The crypto community split into two camps: Those praising the bug’s exposure as a net positive for security, and others decrying Cardano’s centralization risks (Hoskinson’s FBI call drew particular scrutiny). ethereum devs, predictably, meme’d about "Ethereum killers" needing life support. Meanwhile, ADA loyalists argued the swift resolution proved the chain’s maturity. TradingView charts did note a brief spike in ADA futures volatility, suggesting some traders capitalized on the chaos.

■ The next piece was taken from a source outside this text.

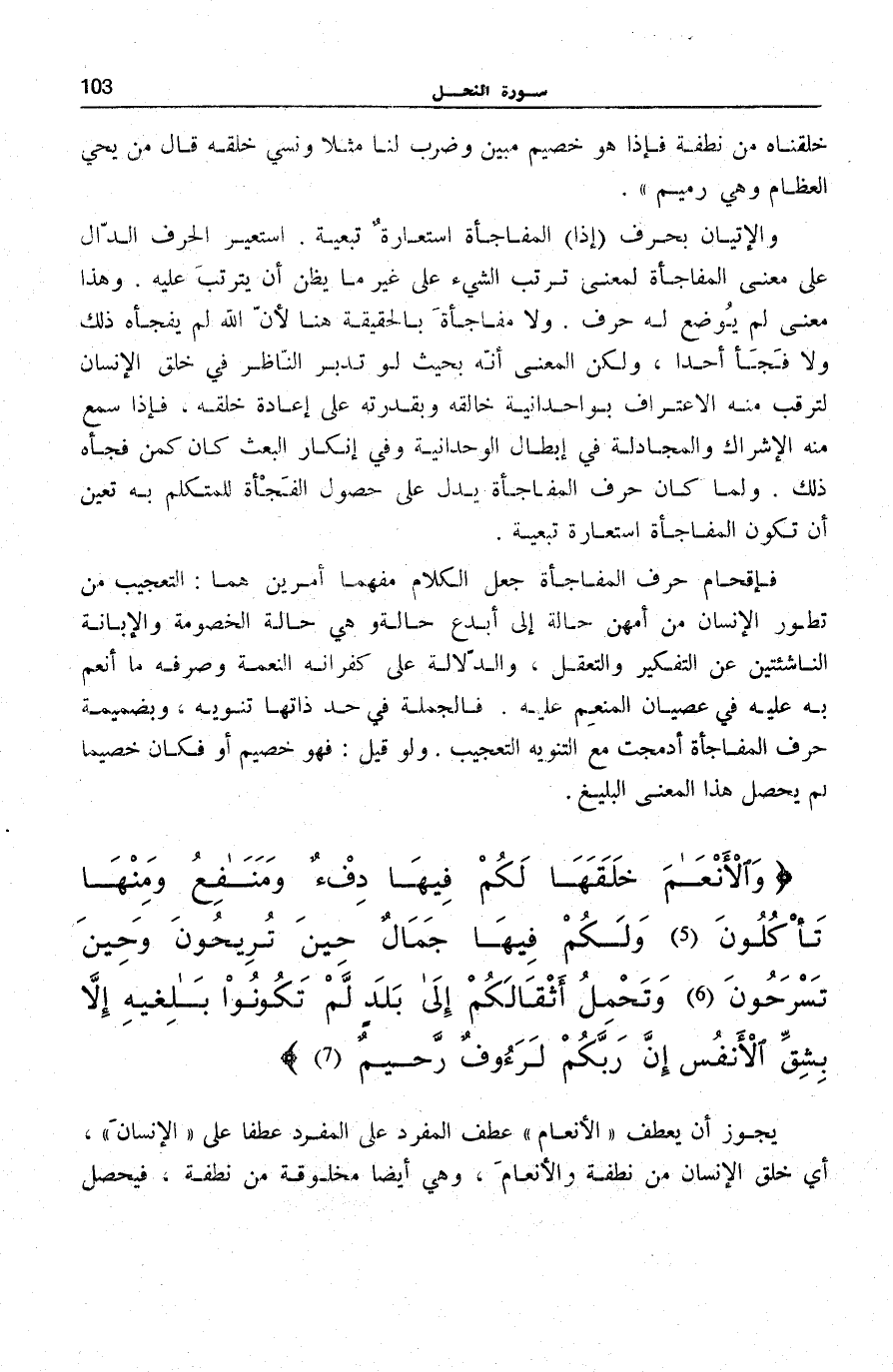 فَإِقْحَامُ حَرْفِ الْمُفَاجَأَةِ جَعَلَ الْكَلَامَ مُفْهِمًا أَمْرَيْنِ هُمَا: التَّعْجِيبُ مِنْ تَطَوُّرِ الْإِنْسَانِ مِنْ أَمْهَنِ حَالَةٍ إِلَى أَبْدَعِ حَالَةٍ وَهِيَ حَالَةُ الْخُصُومَةِ وَالْإِبَانَةِ النَّاشِئَتَيْنِ عَنِ التَّفْكِيرِ وَالتَّعَقُّلِ، وَالدَّلَالَةِ عَلَى كُفْرَانِهِ النِّعْمَةَ وَصَرْفِهِ مَا أَنْعَمَ بِهِ عَلَيْهِ فِي عِصْيَانِ الْمُنْعِمِ عَلَيْهِ. فَالْجُمْلَةُ فِي حَدِّ ذَاتِهَا تَنْوِيهٌ، وَبِضَمِيمَةِ حَرْفِ الْمُفَاجَأَةِ أُدْمِجَتْ مَعَ التَّنْوِيهِ التَّعْجِيبِ. وَلَوْ قِيلَ: فَهُوَ خَصِيمٌ أَوْ فَكَانَ خَصِيمًا لَمْ يَحْصُلْ هَذَا الْمَعْنى البليغ.

Key Takeaways for Investors

1.Even established blockchains harbor legacy risks. Always check audit histories.
2.ADA’s price resilience doesn’t negate the split’s severity.
3.Homer J’s misadventure highlights AI’s potential—and pitfalls—in crypto testing.

Data sources: CoinMarketCap, TradingView, Intersect Incident Report.

Q&A: Your Cardano Split Questions Answered

How long did the Cardano blockchain split last?

The partition was resolved within approximately 5 hours, according to Intersect’s incident timeline.

Could this happen to other blockchains?

Yes. Any chain with unpatched legacy code is vulnerable. Ethereum’s 2016 DAO fork remains a cautionary tale.

Did the split cause financial losses?

No confirmed losses, but orphaned transactions required reprocessing. Exchanges like BTCC paused ADA deposits briefly as a precaution.